As sea surface temperatures rise, Hoegh-Guldberg predicts a rise also in the phenomenon known as coral bleaching. This is not new; a link between high temperatures and coral bleaching has been observed since the 1980s. But what Hoegh-Guldberg does is predict future bleaching events based on past observations and future expected sea surface temperatures drawn from four different climate-change models. All the models predict much the same thing: coral bleaching events will increase in frequency and severity over the next century. While he does not predict that corals will become extinct, he does anticipate that — barring any action to reduce the expected rise in atmospheric carbon levels — by the middle of the 21st century coral bleaching will be an annual event in most parts of the world where coral reefs are found.
This near-constant stress on corals, Hoegh-Guldberg says, “is expected to severely degrade reefs and is likely to cause a phase shift away from coral dominated communities by approximately 2050.” In addition, he writes, “coral reefs are also threatened by changes in the alkalinity of seawater and by rising sea levels that are also associated with global climate change.

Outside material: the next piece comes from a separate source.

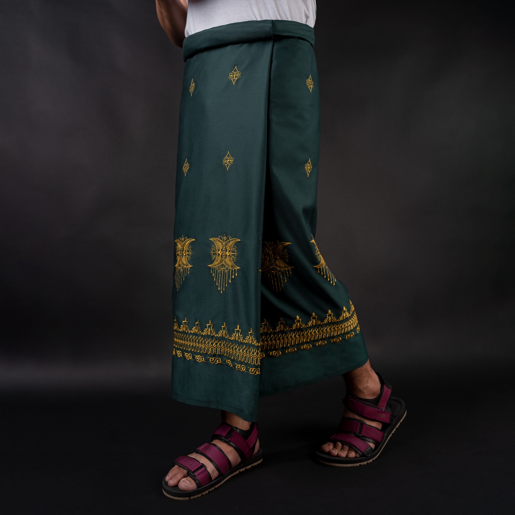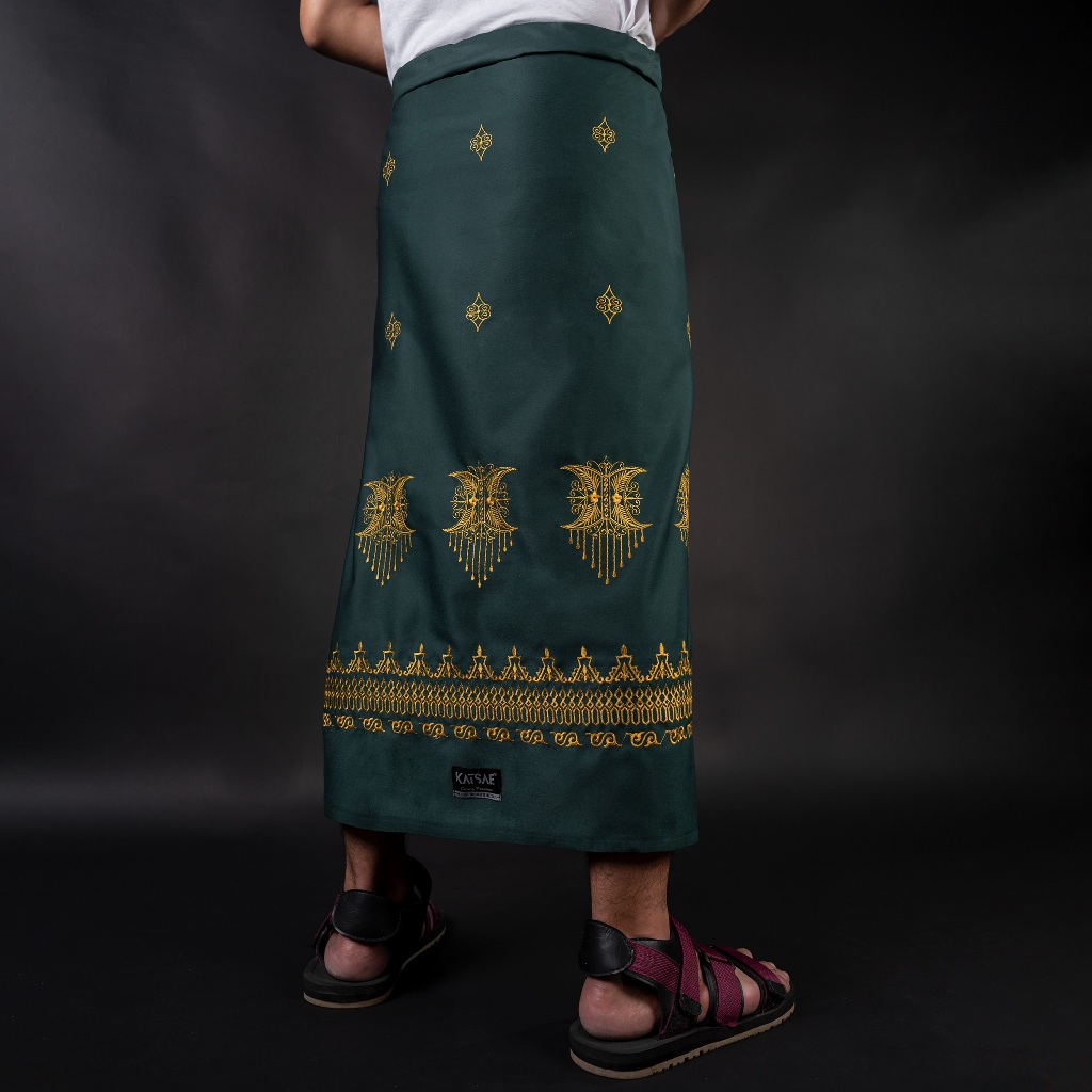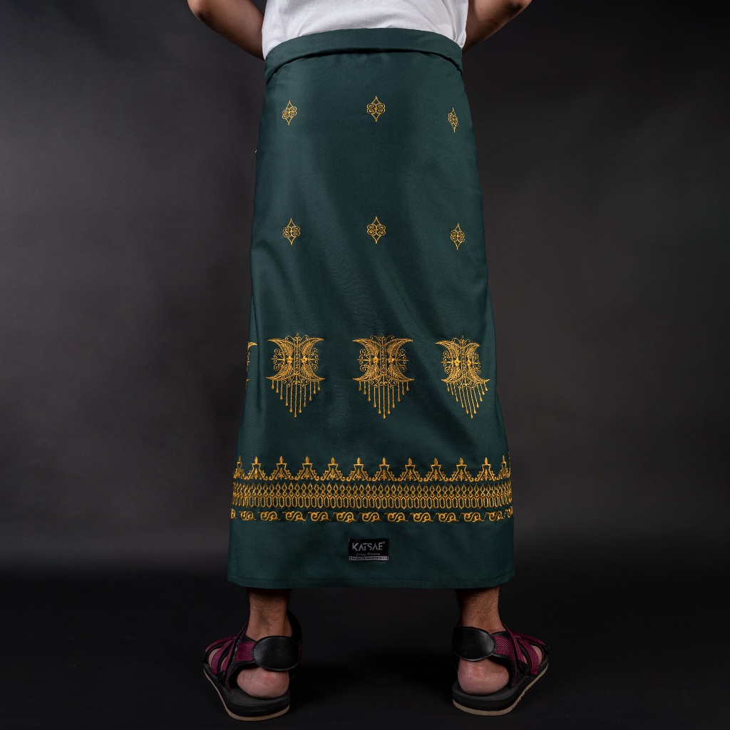 KATSAE Sarung Bordir Motif Pintu Aceh Embroidery Timbul Sarung Pria Dewasa Warna Green Sarung Sholat 100% Bordir Asli

“These changes, combined with the increasing stress on reefs from human related activity, suggest that coral reefs may become dysfunctional within the near future.”
A dysfunctional reef would no longer be able to serve as a nursery and habitat for many species of commercially valuable fish. It would not be able to serve as a first line of coastal defense against storm surges and hurricanes. Revenue associated with diving, snorkeling, fishing, and other reef-centered activities would plummet. Beach losses would surely increase, along with associated economic activity. Property damage from storms and high waves may be predicted to rise, as would insurance rates for owners of coastal land.
Heat Waves
The effect of warming seas on coral will be different from place to place, Hoegh-Guldberg predicts. One of the first areas to be hit will be Australia’s Great Barrier Reef, which could experience annual severe bleaching events by the year 2030, starting at the southern end. The last areas to be affected, under Hoegh-Guldberg’s model, would be the Central Pacific, including Hawai`i, where severe bleaching on an annual basis may not begin until the middle of the 21st century.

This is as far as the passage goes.